## Assignment
Where the line containing "Birthday card featuring" appears below, begin there and reproduce each line exactly through the last one, omitting pictures.

## Data
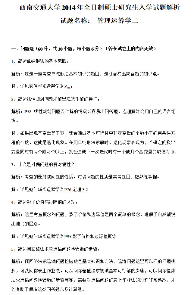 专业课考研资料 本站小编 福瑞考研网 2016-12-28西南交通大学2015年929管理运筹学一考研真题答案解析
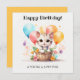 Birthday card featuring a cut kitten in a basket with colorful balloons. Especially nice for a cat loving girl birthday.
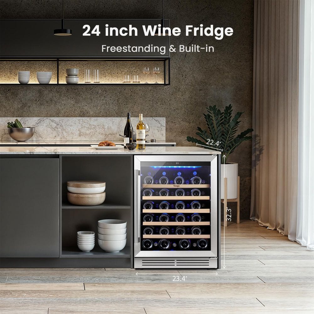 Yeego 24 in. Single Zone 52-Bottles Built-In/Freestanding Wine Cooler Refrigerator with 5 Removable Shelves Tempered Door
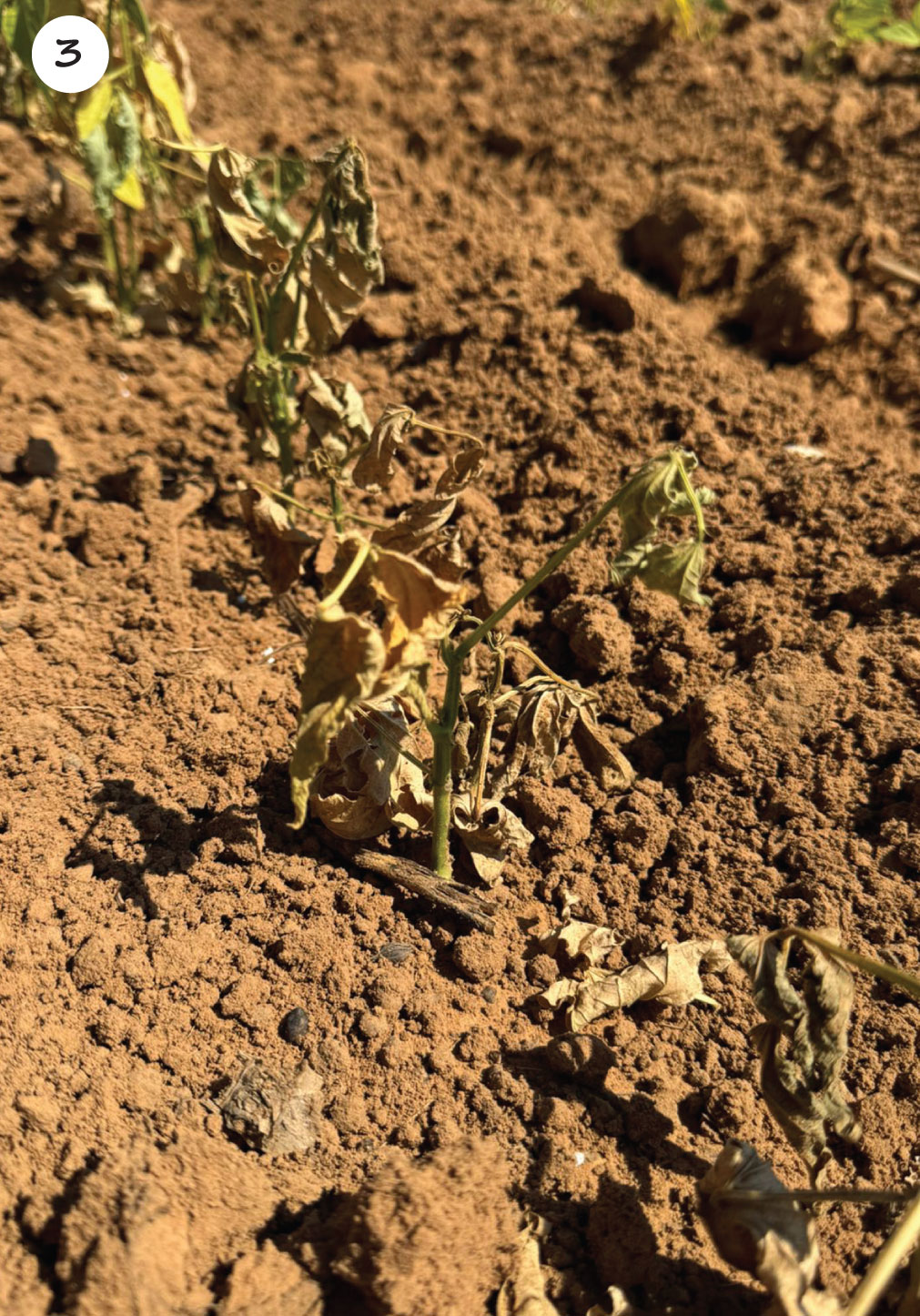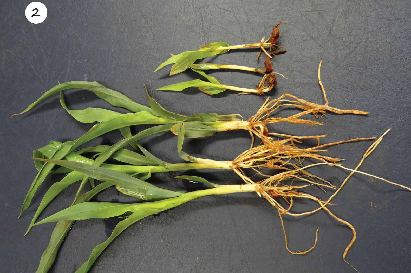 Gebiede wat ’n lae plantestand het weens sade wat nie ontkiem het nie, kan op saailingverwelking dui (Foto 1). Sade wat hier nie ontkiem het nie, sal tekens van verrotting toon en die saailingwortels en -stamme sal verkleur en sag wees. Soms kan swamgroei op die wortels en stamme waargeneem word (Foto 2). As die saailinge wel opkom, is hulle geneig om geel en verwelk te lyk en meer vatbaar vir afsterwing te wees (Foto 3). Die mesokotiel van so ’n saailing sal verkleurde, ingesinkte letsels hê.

## Answer below
 Birthday card featuring a cut kitten in a basket with colorful balloons. Especially nice for a cat loving girl birthday.
 Yeego 24 in. Single Zone 52-Bottles Built-In/Freestanding Wine Cooler Refrigerator with 5 Removable Shelves Tempered Door
 Gebiede wat ’n lae plantestand het weens sade wat nie ontkiem het nie, kan op saailingverwelking dui (Foto 1). Sade wat hier nie ontkiem het nie, sal tekens van verrotting toon en die saailingwortels en -stamme sal verkleur en sag wees. Soms kan swamgroei op die wortels en stamme waargeneem word (Foto 2). As die saailinge wel opkom, is hulle geneig om geel en verwelk te lyk en meer vatbaar vir afsterwing te wees (Foto 3). Die mesokotiel van so ’n saailing sal verkleurde, ingesinkte letsels hê.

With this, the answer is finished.